TASK INSTRUCTIONS: Look in the material below for the line holding "下午兩點,記者帶著溫度計來到". Set it down exactly, with each later line up to and including the line holding "I made this".

STUDY MATERIAL:
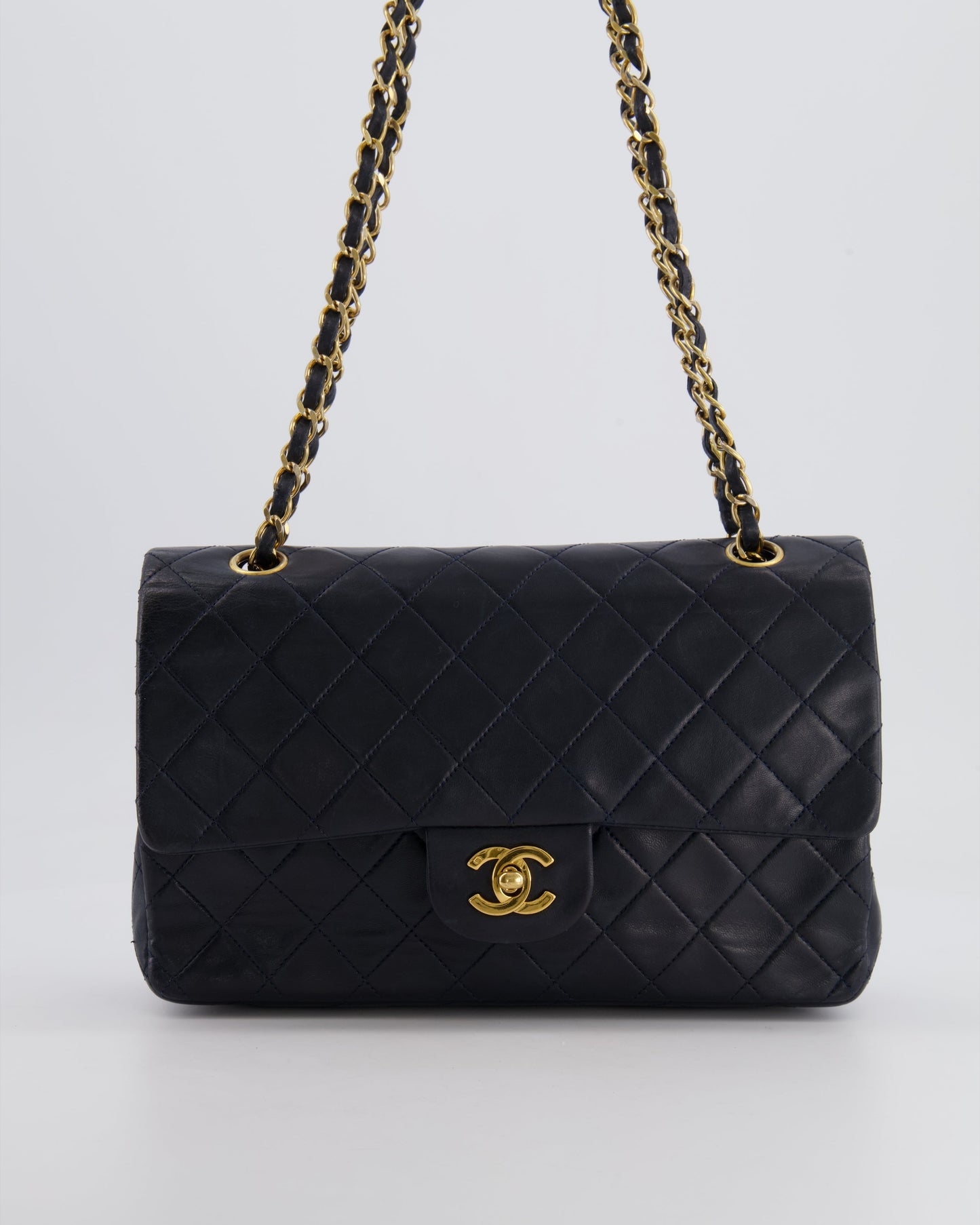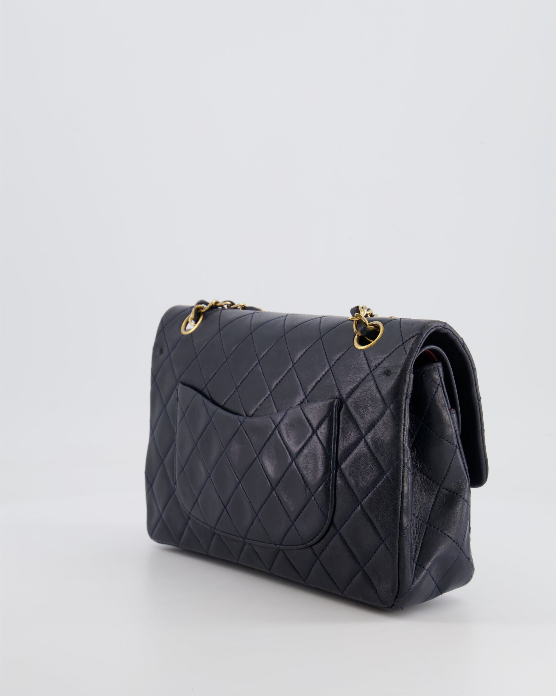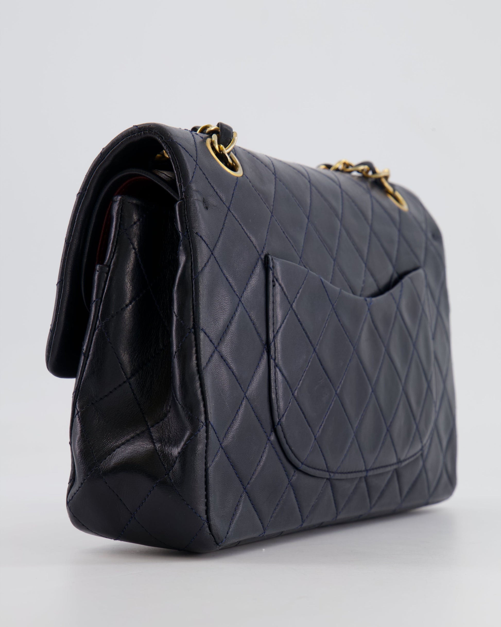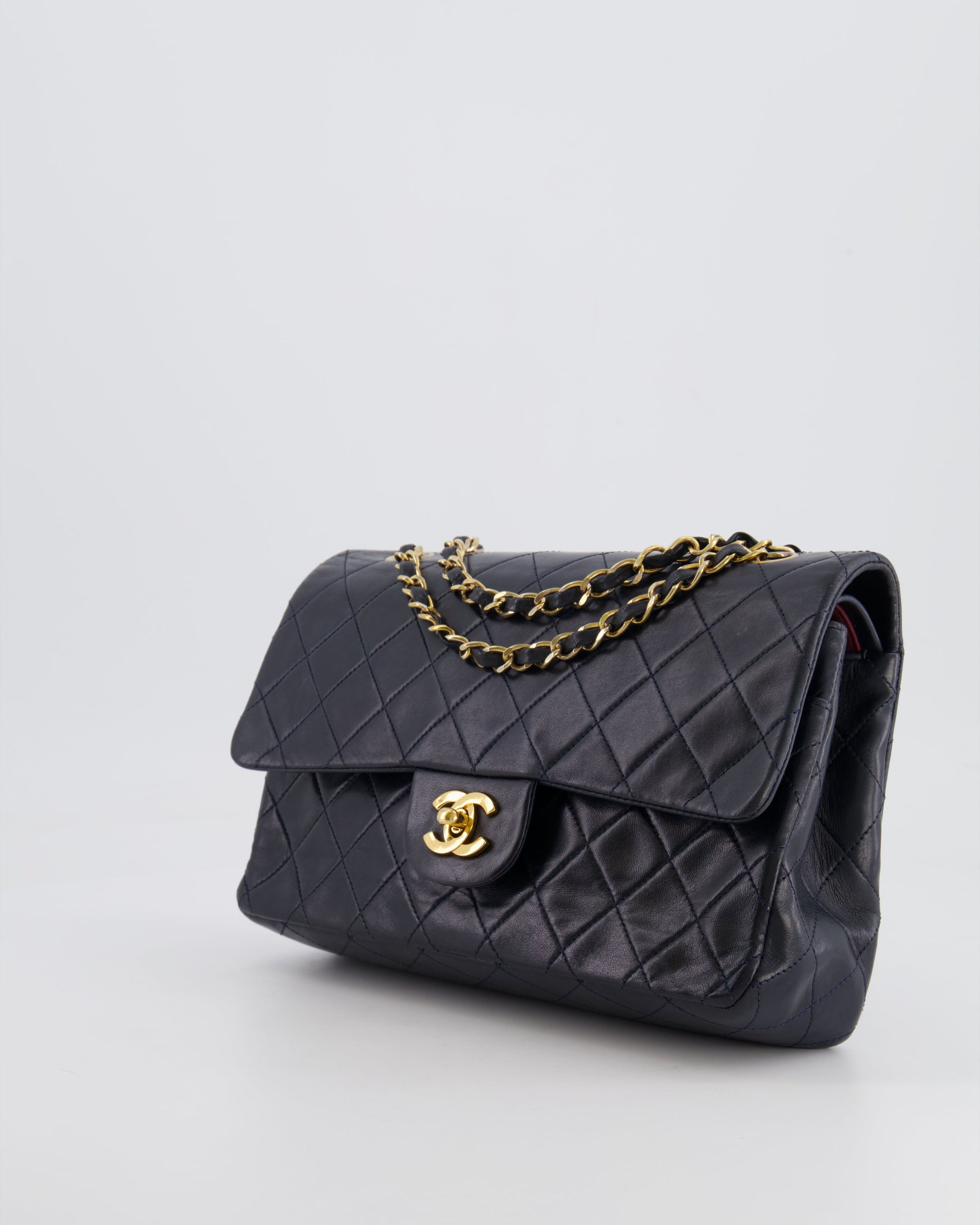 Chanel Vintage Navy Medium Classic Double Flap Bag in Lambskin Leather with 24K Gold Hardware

---

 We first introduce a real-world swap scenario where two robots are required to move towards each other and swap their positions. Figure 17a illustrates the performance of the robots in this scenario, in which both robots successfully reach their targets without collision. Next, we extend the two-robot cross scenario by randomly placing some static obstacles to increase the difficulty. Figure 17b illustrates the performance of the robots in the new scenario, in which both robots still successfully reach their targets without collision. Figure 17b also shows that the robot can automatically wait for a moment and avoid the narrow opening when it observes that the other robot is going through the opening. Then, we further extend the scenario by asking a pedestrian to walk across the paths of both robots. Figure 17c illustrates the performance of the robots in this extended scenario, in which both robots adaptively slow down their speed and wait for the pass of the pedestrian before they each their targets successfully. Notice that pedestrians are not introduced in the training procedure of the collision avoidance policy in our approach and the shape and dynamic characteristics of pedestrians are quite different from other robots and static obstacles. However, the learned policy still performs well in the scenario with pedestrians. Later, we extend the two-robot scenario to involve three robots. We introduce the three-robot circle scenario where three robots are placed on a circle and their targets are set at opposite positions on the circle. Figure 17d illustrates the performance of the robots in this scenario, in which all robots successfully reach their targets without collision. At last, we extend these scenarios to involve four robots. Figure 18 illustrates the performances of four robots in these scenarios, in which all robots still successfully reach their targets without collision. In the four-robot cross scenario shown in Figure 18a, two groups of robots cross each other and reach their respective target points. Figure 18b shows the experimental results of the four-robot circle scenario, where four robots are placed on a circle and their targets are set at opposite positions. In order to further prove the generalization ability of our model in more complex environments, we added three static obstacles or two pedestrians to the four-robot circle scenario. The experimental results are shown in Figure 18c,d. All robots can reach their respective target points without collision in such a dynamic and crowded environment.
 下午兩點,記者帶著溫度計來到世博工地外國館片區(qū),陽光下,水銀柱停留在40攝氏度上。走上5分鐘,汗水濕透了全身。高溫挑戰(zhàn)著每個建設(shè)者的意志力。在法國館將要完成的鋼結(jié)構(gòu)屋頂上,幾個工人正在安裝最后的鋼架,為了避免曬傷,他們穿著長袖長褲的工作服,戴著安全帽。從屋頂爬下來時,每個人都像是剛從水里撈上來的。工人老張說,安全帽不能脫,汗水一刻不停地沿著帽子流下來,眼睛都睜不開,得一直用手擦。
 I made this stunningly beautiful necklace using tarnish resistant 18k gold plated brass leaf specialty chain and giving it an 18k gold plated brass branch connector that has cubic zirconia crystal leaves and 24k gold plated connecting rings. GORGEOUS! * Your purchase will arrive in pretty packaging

RESPONSE FOR THIS EXERCISE:
 下午兩點,記者帶著溫度計來到世博工地外國館片區(qū),陽光下,水銀柱停留在40攝氏度上。走上5分鐘,汗水濕透了全身。高溫挑戰(zhàn)著每個建設(shè)者的意志力。在法國館將要完成的鋼結(jié)構(gòu)屋頂上,幾個工人正在安裝最后的鋼架,為了避免曬傷,他們穿著長袖長褲的工作服,戴著安全帽。從屋頂爬下來時,每個人都像是剛從水里撈上來的。工人老張說,安全帽不能脫,汗水一刻不停地沿著帽子流下來,眼睛都睜不開,得一直用手擦。
 I made this stunningly beautiful necklace using tarnish resistant 18k gold plated brass leaf specialty chain and giving it an 18k gold plated brass branch connector that has cubic zirconia crystal leaves and 24k gold plated connecting rings. GORGEOUS! * Your purchase will arrive in pretty packaging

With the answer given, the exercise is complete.